Sunday, August 29, 2010

A Run to Savor

There are some days (though nowhere near enough of them) when running seems so ridiculously easy that you wish you could bottle it. And since there are also (more than enough) days when it sucks, you really need to make hay while the sun shines.

Such was the case this weekend.

Running for me is a very mental process - if my confidence is low I struggle, and if it's high I fly. Over the summer I've struggled a little (ok, maybe a lot - haha) with focus, but I think finally having Nancy home really picked me up and triggered a mind shift.

It's training season, my next marathon is coming up and it's time to start laying down some good fast, hard runs. Let's just say I was pumped for this run.

And after struggling through the heat and humidity of a Texas summertime, we really lucked out on Saturday morning with temperatures in the 60s. Everything was set up for a great run.

So I had 16 miles on the radar. Clea and I started out really early with an Enfield loop, and I knew it was going to be a good day when we were running 8:30s at what seemed like an easy conversational pace.

We finished the loop and met up with some other friends for an 8 mile Jefferson loop.
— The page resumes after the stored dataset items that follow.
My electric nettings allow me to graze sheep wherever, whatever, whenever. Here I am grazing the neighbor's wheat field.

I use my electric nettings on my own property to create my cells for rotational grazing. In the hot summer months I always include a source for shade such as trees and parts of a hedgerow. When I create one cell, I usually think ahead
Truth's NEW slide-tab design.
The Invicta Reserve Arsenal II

About half way up the hills of Scenic I slipped smoothly into another gear, and switched it up to 7:30 pace. I was running with Frank at this point, and I think we both dropped into the zone - it felt almost as if I wasn't even running, just watching myself glide above the ground.
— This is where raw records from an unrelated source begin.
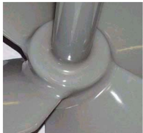
Mixer for the chemical industry coated with, Accotron

Accotron appears dark greenish and the top coat is applicable with foodstuffs according to the EU Directives Normally the coating is applied with a layer thickness of ½-1 mm which results in a sturdy and hard surface. The coating therefore is a good option for items exposed to wear. The coating is resistant to acids and bases as well as most solvents. But, a few solvents such as tetrahydrofuran should be treated with some of our other coatings.
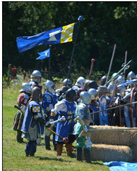
Summits troops prepare for battle at An Tir/West War 2013.

Scribe: Held monthly meeting at MBC Gaming, 5008 Commercial St SE, Salem, OR. We had 6 attendees. We are holding the next scribal night this wednesday, July 17th. I have permission to hold this office in addition to the principality webminister, but I am well past my 2 year time term, so if you are interested in the office, please contact me.
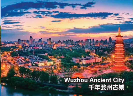
Wuzhou Ancient City 千年婺州古城
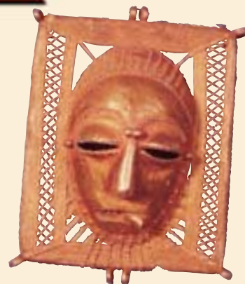
Place • Baule gold masks sometimes represent the face of an enemy killed in battle. ▲

Decide what you know about Africa south of the Sahara. In your notebook, record what you hope to learn from this chapter.

Man, I've missed that feeling.

We finished out the loop (did my "fast becoming traditional" sprint on the last big hill), and were joined by even more friends for a final 4 miles along the hike and bike trail. I kept the pace in the 7s and was feeling wonderful. With less than a mile to go, Frank kicked it up and I went with him. For about the last half mile we dropped the hammer to 6:50 pace and it felt great.

I finished on top of the world, chuffed to pieces with what was probably my best run since the Little Rock marathon in March. Great weather, fast pace, good friends and flowing conversation. Can't ask for more than that.

Or can I? I drove home and pulled onto my street just as Nancy and the kids were headed over to the playground. Seems it was turning out to be my day so I hopped out of the car and joined them to make the most of a beautiful morning.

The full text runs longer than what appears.